I am looking for information any of you might have on training Cooper to chase Canada Geese. I work on a golf course and they are quite a nuisance. I have taken him out on the course everyday for the past three weeks and just his presence seems to be working to scare them off for a little while but they always return. He seems to be picking up on the fact that they are there but I would like for him to give chase to try to really deter them from inhabiting the golf course. Anybody have any experience with this kind of training? All suggestions are welcome.

Thanks

Turfguy


----------



## Crazy Kian (Aug 10, 2009)

Funny thing, we were just talking about this the other day with some buddies.
Canadian geese are a pain... and we see alot of them on certain courses up here in Canada (go figure)
Not sure your V will be too much of a deterant. Be careful around the geese, if ticked off they will come after you...ask me how I know ;D
Be careful, if they have their little ones near by they will go after anything that is near them... I would maybe wait to let yor V run after them after he's grown some, just a thought.


----------



## madaboutvizslas (Nov 12, 2008)

Eventually it will catch the goose and break its neck.


----------



## gunnr (Aug 14, 2009)

Uhmm.... Do you really want to train him to chase geese? He is a pointer after all, and his natural inclination will be to point and stalk, but not so much chase after his first few unsuccessful attempts. An adult Canada is a fairly formidable critter. I wouldn't want a young Vizsla to cross paths with one, but an adult dog with a few seasons under it's belt should be able to hold it's own.

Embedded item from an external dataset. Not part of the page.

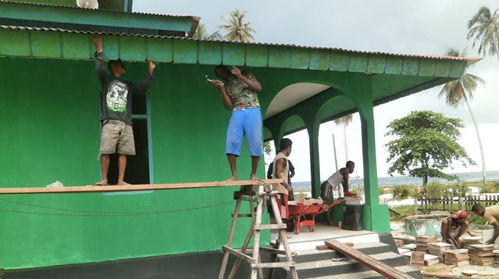Nusaulan – Bertempat di Kampung Nusaulan, Distrik Buruway, Kab. Kaimana kegiatan Over Prestasi oleh anggota satgas TMMD dengan membenahi kondisi Masjid di kampung Nusaulan, Kamis (01/11/ 2018).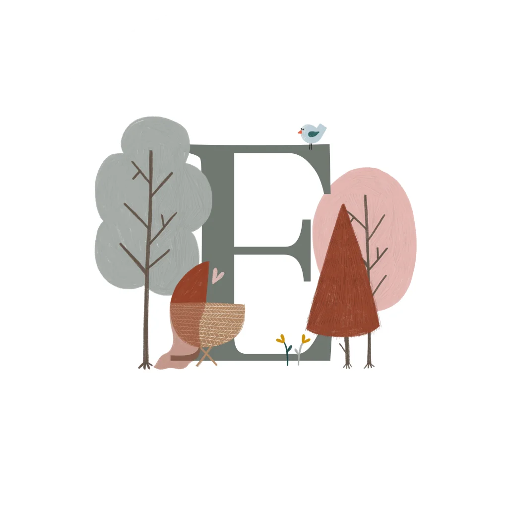 Sluitsticker met initiaal in het bos met een wiegje

If you're really trying to inhibit the geese from occupying the course, this is the wrong time of the year. Geese go through a molt just prior to laying a clutch at which point they are virtually flightless. Keeping them off the course leading into the molt will pattern successive generation away from the course. Tollers, Border Collies Cattle Dogs and herders are a better bet than a Vizsla.
We have a co worker that bring his dog to work at certain times of the year for just this purpose. It's a pretty large Nuclear Power facility, and the dog has done a pretty good job. Geese still land during the times the flyways are active, but we no longer have nesting pairs.


----------



## turfguy (Jan 20, 2010)

Gunnr,

Yes, if he is trainable to chase that is what I want to be able to do with him. Here in Ohio it is absolutely the right time to be harassing the geese as they are about to the point where they are beginning to pair up for the mating season. Ohio DNR has a great website resource that shows a timeline of when the best times to harass are and what times you are waisting your time. I don't even care if he doesn't necessarily chase them as long as his presence causes them to find shelter elsewhere. They are just such a menace on the course that I am hoping he will be able to help us out.


----------



## that_girl (Aug 31, 2009)

I think you need to invest in a rottweiler...


----------



## Big Rick (Apr 14, 2009)

I'm thinking alligator... but that's just a Florida boy's opinion.


----------